The performance of GPSite on low-quality predicted structures. (A) The performance of GPSite on structures of different qualities, and the comparisons with the best structure-based methods in the test sets of DNA, RNA and peptide. The experimental structure-based methods input with ESMFold-predicted structures are marked with *. (B) Distributions of the TM-scores between native and predicted structures in the DNA, RNA and peptide datasets. (C) The correlations between the prediction quality of ESMFold and the performance of GPSite and GraphBind on the RNA-binding site test set when TM-score < 0.5. The scatters denote the average TM-score and AUPR for each bin after sorting the proteins according to the TM-scores and evenly dividing them into 20 discrete bins. The lines are fit to the original data (without binning) using linear regression. (D) The glucocorticoid receptor (GR) in complex with DNA, a coactivator peptide, and Zn2+ ions (PDB: 7PRW). The ESMFold-predicted protein structure (gray) is superimposed to the native structure (cyan) using US-align (TM-score = 0.72). The ligands are colored in orange. (E) Superposition of the native (cyan) and predicted (gray) DNA-binding domains of GR (TM-score = 0.96). (F-H) The Zn2+, DNA and peptide binding site predictions by GPSite for the predicted GR structure in cartoon or surface view. True positives, false positives and false negatives are colored in green, red and yellow, respectively. The ligands in orange were subsequently added based on the native complex structure to show the quality of the predictions by GPSite.

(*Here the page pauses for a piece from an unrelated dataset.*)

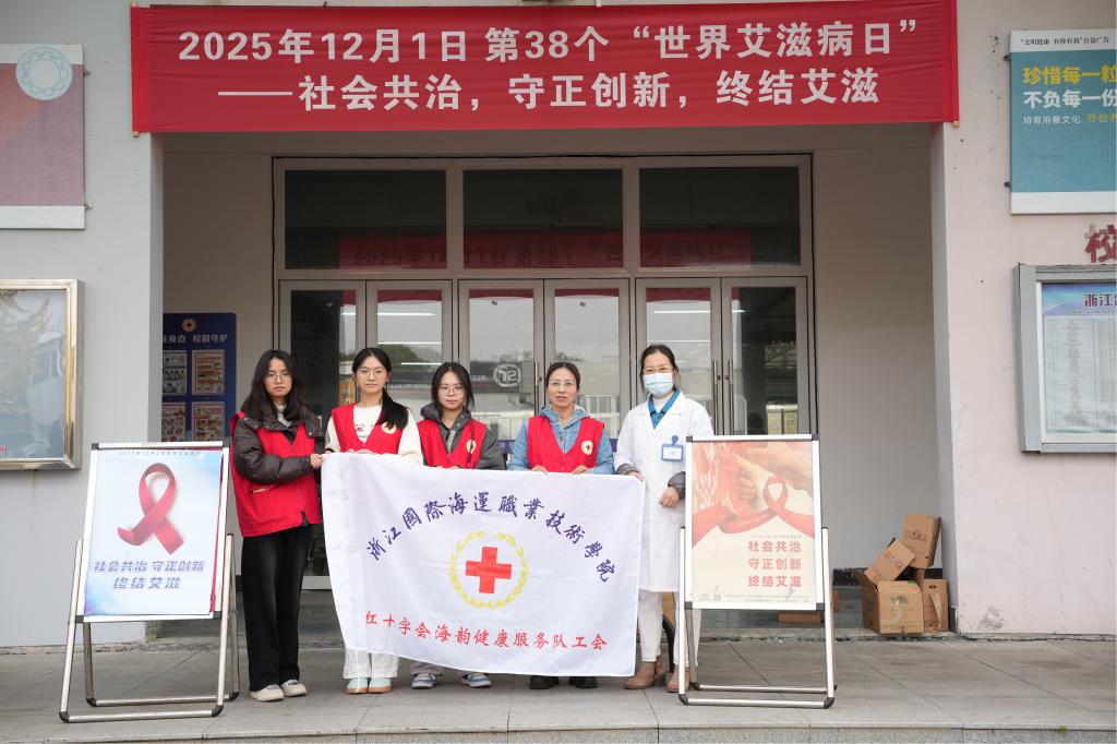 2025年12月1日是第38个世界艾滋病日。当天中午,由校红十字会携手校团委共同主办的“社会共治,守正创新,终结艾滋”主题现场宣传活动在学生食堂北广场一楼顺利开展。活动旨在普及艾滋病防治知识,增强全校师生的健康意识和自我保护能力,营造携手防艾、共担健康责任的校园氛围。

We finally illustrate a potential reason for the robustness of GPSite by an example from the test set where GPSite is able to discern among various interfaces even though the structure is not perfectly predicted. Figure 3D shows the structure of the human glucocorticoid receptor (GR), a transcription factor that binds DNA and assembles a coactivator peptide to regulate gene transcription (PDB: 7PRW, chain A). The DNA-binding domain of GR also consists of two C4-type zinc fingers to bind Zn2+ ions. Although the structure of this protein is not perfectly predicted (TM-score = 0.72), the local structures of the binding domains of peptide and DNA are actually predicted accurately as viewed by the superpositions of the native and predicted structures in Figure 3D and 3E. Therefore, GPSite can correctly predict all Zn2+ binding sites and precisely identify the binding sites of DNA and peptide with AUPR values of 0.949 and 0.924, respectively (Figure 3F, G and H).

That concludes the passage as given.